■ **WHAT IS BEING ASKED**: What you return must match the records word for word, except that pictures are dropped.

■ **Records contained in a dataset**:

--------------------

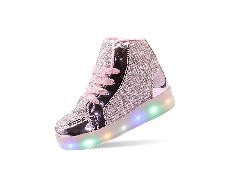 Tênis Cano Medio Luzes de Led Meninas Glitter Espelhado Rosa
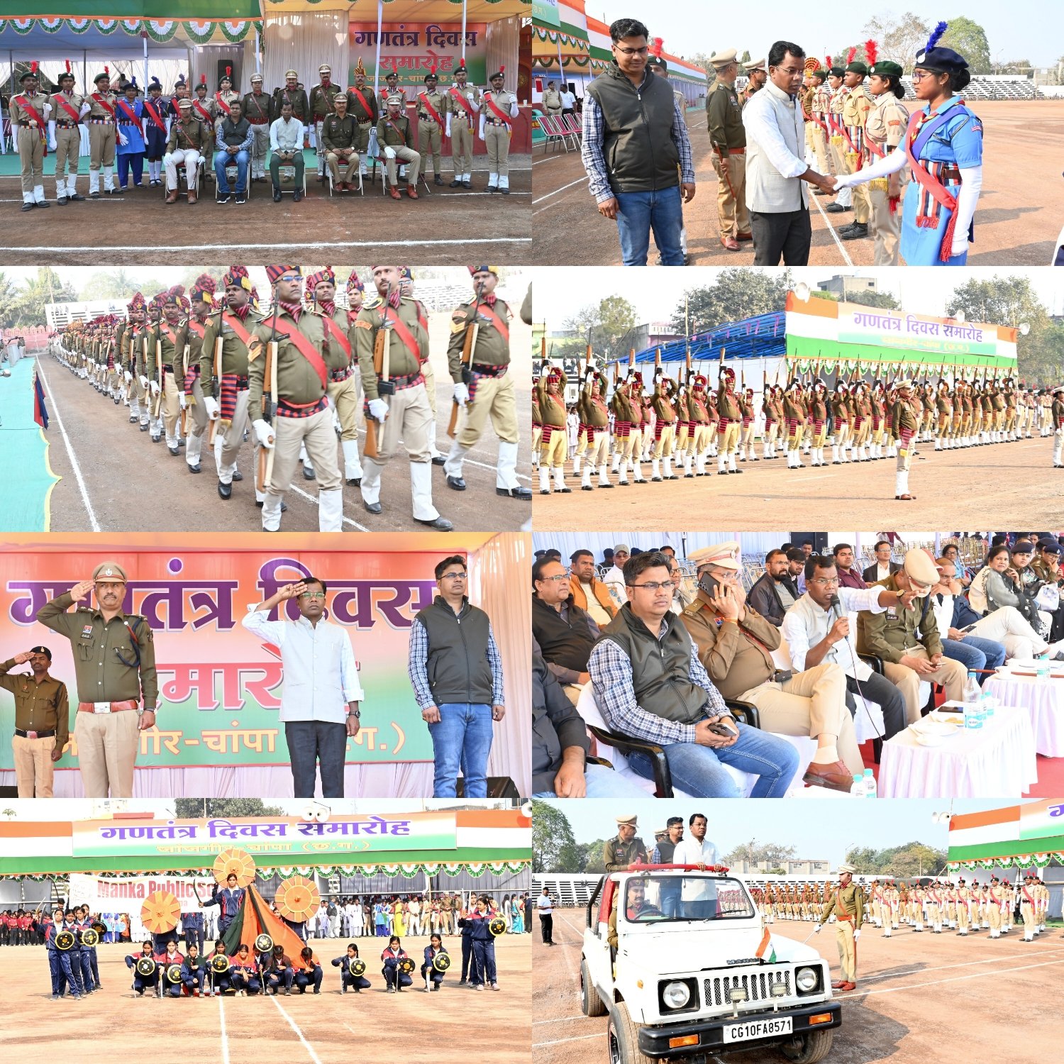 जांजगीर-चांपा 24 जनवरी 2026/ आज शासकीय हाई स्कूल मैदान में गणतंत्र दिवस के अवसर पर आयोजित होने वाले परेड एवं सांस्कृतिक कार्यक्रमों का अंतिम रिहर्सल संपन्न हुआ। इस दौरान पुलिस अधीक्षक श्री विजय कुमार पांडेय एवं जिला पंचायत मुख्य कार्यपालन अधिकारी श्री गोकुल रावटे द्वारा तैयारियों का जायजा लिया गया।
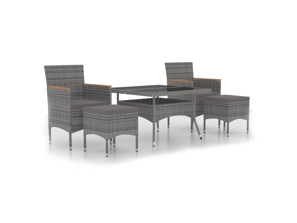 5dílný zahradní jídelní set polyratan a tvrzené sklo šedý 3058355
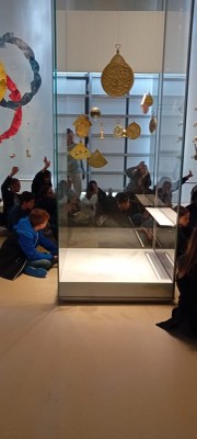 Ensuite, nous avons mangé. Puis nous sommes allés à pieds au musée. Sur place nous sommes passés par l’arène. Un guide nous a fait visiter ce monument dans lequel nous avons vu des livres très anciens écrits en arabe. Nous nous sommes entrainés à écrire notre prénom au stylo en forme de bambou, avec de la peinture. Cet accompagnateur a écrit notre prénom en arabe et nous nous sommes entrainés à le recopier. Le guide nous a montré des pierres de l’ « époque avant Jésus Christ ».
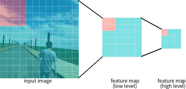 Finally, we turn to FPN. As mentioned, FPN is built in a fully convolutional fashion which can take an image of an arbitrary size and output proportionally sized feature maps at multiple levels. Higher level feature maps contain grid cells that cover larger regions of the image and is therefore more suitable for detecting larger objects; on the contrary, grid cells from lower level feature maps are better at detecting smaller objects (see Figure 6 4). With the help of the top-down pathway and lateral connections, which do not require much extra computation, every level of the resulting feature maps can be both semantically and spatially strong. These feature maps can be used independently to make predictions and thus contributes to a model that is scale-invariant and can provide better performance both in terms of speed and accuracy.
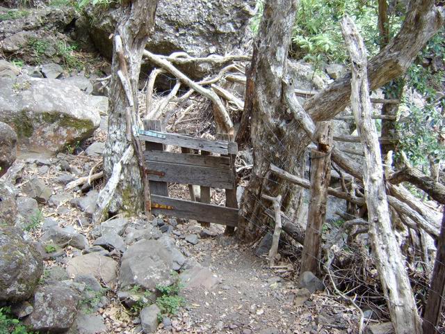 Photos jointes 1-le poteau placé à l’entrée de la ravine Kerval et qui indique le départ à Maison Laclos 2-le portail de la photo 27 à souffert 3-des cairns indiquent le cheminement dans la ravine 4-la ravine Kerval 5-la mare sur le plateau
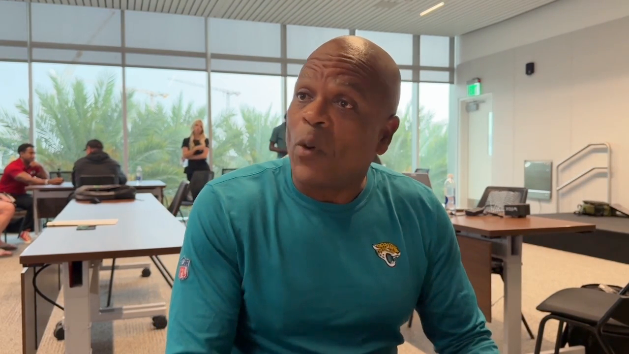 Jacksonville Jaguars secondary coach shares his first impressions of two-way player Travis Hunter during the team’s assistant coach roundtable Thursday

--------------------

■ **RESULT OF THE TASK**:
 Tênis Cano Medio Luzes de Led Meninas Glitter Espelhado Rosa
 जांजगीर-चांपा 24 जनवरी 2026/ आज शासकीय हाई स्कूल मैदान में गणतंत्र दिवस के अवसर पर आयोजित होने वाले परेड एवं सांस्कृतिक कार्यक्रमों का अंतिम रिहर्सल संपन्न हुआ। इस दौरान पुलिस अधीक्षक श्री विजय कुमार पांडेय एवं जिला पंचायत मुख्य कार्यपालन अधिकारी श्री गोकुल रावटे द्वारा तैयारियों का जायजा लिया गया।
 5dílný zahradní jídelní set polyratan a tvrzené sklo šedý 3058355
 Ensuite, nous avons mangé. Puis nous sommes allés à pieds au musée. Sur place nous sommes passés par l’arène. Un guide nous a fait visiter ce monument dans lequel nous avons vu des livres très anciens écrits en arabe. Nous nous sommes entrainés à écrire notre prénom au stylo en forme de bambou, avec de la peinture. Cet accompagnateur a écrit notre prénom en arabe et nous nous sommes entrainés à le recopier. Le guide nous a montré des pierres de l’ « époque avant Jésus Christ ».
 Finally, we turn to FPN. As mentioned, FPN is built in a fully convolutional fashion which can take an image of an arbitrary size and output proportionally sized feature maps at multiple levels. Higher level feature maps contain grid cells that cover larger regions of the image and is therefore more suitable for detecting larger objects; on the contrary, grid cells from lower level feature maps are better at detecting smaller objects (see Figure 6 4). With the help of the top-down pathway and lateral connections, which do not require much extra computation, every level of the resulting feature maps can be both semantically and spatially strong. These feature maps can be used independently to make predictions and thus contributes to a model that is scale-invariant and can provide better performance both in terms of speed and accuracy.
 Photos jointes 1-le poteau placé à l’entrée de la ravine Kerval et qui indique le départ à Maison Laclos 2-le portail de la photo 27 à souffert 3-des cairns indiquent le cheminement dans la ravine 4-la ravine Kerval 5-la mare sur le plateau
 Jacksonville Jaguars secondary coach shares his first impressions of two-way player Travis Hunter during the team’s assistant coach roundtable Thursday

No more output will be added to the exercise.